Free Universal Sound Separation Dataset

Scott Wisdom; Hakan Erdogan; Dan Ellis; John R. Hershey

doi:10.5281/zenodo.4012661

Published March 4, 2020 | Version 1.3

Dataset Open

Free Universal Sound Separation Dataset

1. Google Research

Contributors

Researchers:

1. LORIA
2. INRIA
3. Adobe Research
4. Northwestern University
5. Universitat Pompeu Fabra (UPF)

The Free Universal Sound Separation (FUSS) Dataset is a database of arbitrary sound mixtures and source-level references, for use in experiments on arbitrary sound separation.

This is the official sound separation data for the DCASE2020 Challenge Task 4: Sound Event Detection and Separation in Domestic Environments.

Citation: If you use the FUSS dataset or part of it, please cite our paper describing the dataset and baseline [1]. FUSS is based on FSD data so please also cite [2]:

Overview: FUSS audio data is sourced from a pre-release of Freesound dataset known as (FSD50k), a sound event dataset composed of Freesound content annotated with labels from the AudioSet Ontology. Using the FSD50K labels, these source files have been screened such that they likely only contain a single type of sound. Labels are not provided for these source files, and are not considered part of the challenge. For the purpose of the DCASE Task4 Sound Separation and Event Detection challenge, systems should not use FSD50K labels, even though they may become available upon FSD50K release.

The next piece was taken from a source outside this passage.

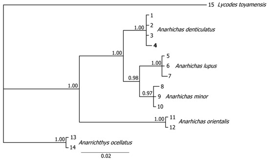 The results of genetic studies of the Anarhichadidae family representatives are few and have been performed using various genetic markers [50,66,67,68,69]. At the same time, most of the previous phylogenetic studies did not involve all five valid species of the family. An exception in this regard is the paper [67], in which all representatives of the family were analyzed using the control region of mtDNA (D-loop) and the nuclear gene ND1 as genetic markers.
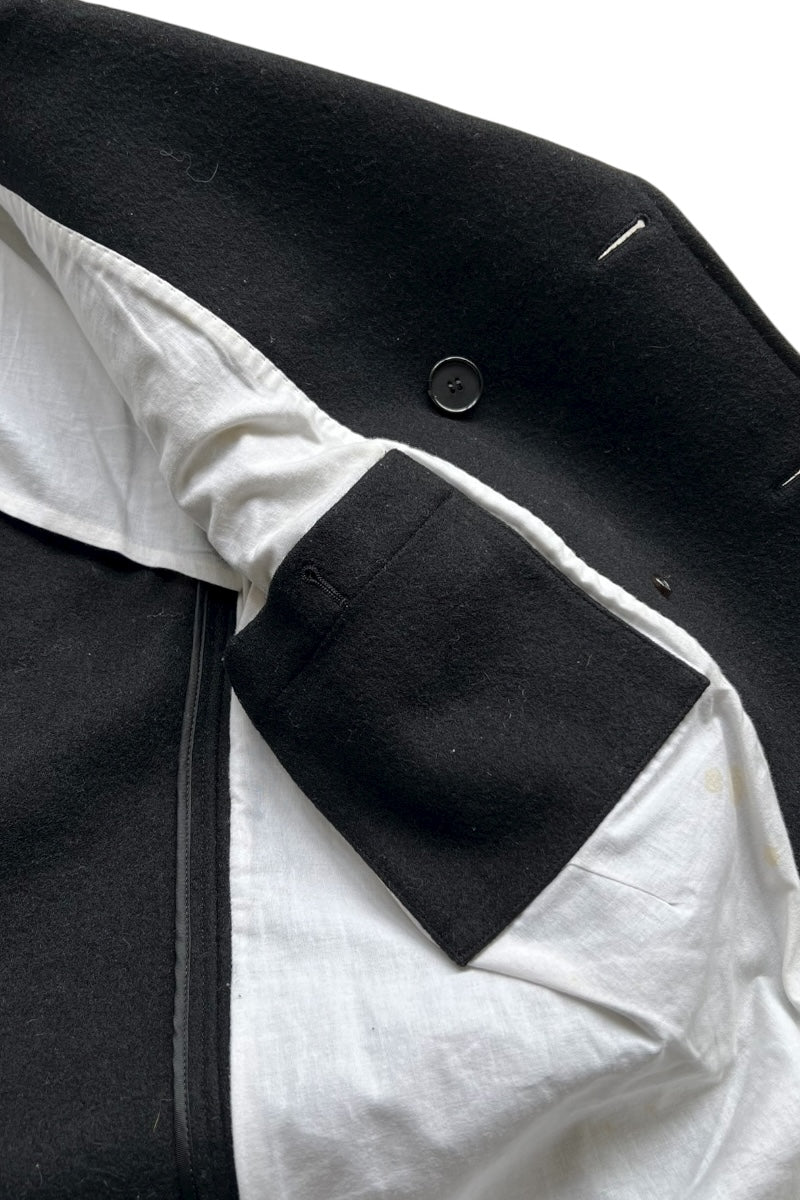 MADE IN ITALY 17AW WOOL & LEATHER PEA COAT / BLACK [SIZE: 46 USED]

To create mixtures, 10 second clips of sources are convolved with simulated room impulse responses and added together. Each 10 second mixture contains between 1 and 4 sources. Source files longer than 10 seconds are considered "background" sources. Every mixture contains one background source, which is active for the entire duration. We provide: a software recipe to create the dataset, the room impulse responses, and the original source audio.

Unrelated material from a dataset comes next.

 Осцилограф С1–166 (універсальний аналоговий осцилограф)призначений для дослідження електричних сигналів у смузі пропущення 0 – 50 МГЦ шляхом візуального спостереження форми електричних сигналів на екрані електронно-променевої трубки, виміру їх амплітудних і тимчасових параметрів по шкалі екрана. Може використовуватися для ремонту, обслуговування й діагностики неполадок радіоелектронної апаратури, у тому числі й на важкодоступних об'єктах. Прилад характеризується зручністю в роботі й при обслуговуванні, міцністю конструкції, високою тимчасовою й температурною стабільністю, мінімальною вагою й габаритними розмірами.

Motivation for use in DCASE2020 Challenge Task 4: This dataset provides a platform to investigate how source separation may help with event detection and vice versa. Previous work has shown that universal sound separation (separation of arbitrary sounds) is possible [3], and that event detection can help with universal sound separation [4]. It remains to be seen whether sound separation can help with event detection. Event detection is more difficult in noisy environments, and so separation could be a useful pre-processing step. Data with strong labels for event detection are relatively scarce, especially when restricted to specific classes within a domain. In contrast, source separation data needs no event labels for training, and may be more plentiful. In this setting, the idea is to utilize larger unlabeled separation data to train separation systems, which can serve as a front-end to event-detection systems trained on more limited data.

Room simulation: Room impulse responses are simulated using the image method with frequency-dependent walls. Each impulse corresponds to a rectangular room of random size with random wall materials, where a single microphone and up to 4 sources are placed at random spatial locations.

Recipe for data creation: The data creation recipe starts with scripts, based on scaper [5], to generate mixtures of events with random timing of source events, along with a background source that spans the duration of the mixture clip. The scipts for this are at this GitHub repo.

The data are reverberated using a different room simulation for each mixture. In this simulation each source has its own reverberation corresponding to a different spatial location. The reverberated mixtures are created by summing over the reverberated sources. The dataset recipe scripts support modification, so that participants may remix and augment the training data as desired.

The constituent source files for each mixture are also generated for use as references for training and evaluation. The dataset recipe scripts support modification, so that participants may remix and augment the training data as desired.

Note: no attempt was made to remove digital silence from the freesound source data, so some reference sources may include digital silence, and there are a few mixtures where the background reference is all digital silence. Digital silence can also be observed in the event recognition public evaluation data, so it is important to be able to handle this in practice. Our evaluation scripts handle it by ignoring any reference sources that are silent.

Format: All audio clips are provided as uncompressed PCM 16 bit, 16 kHz, mono audio files.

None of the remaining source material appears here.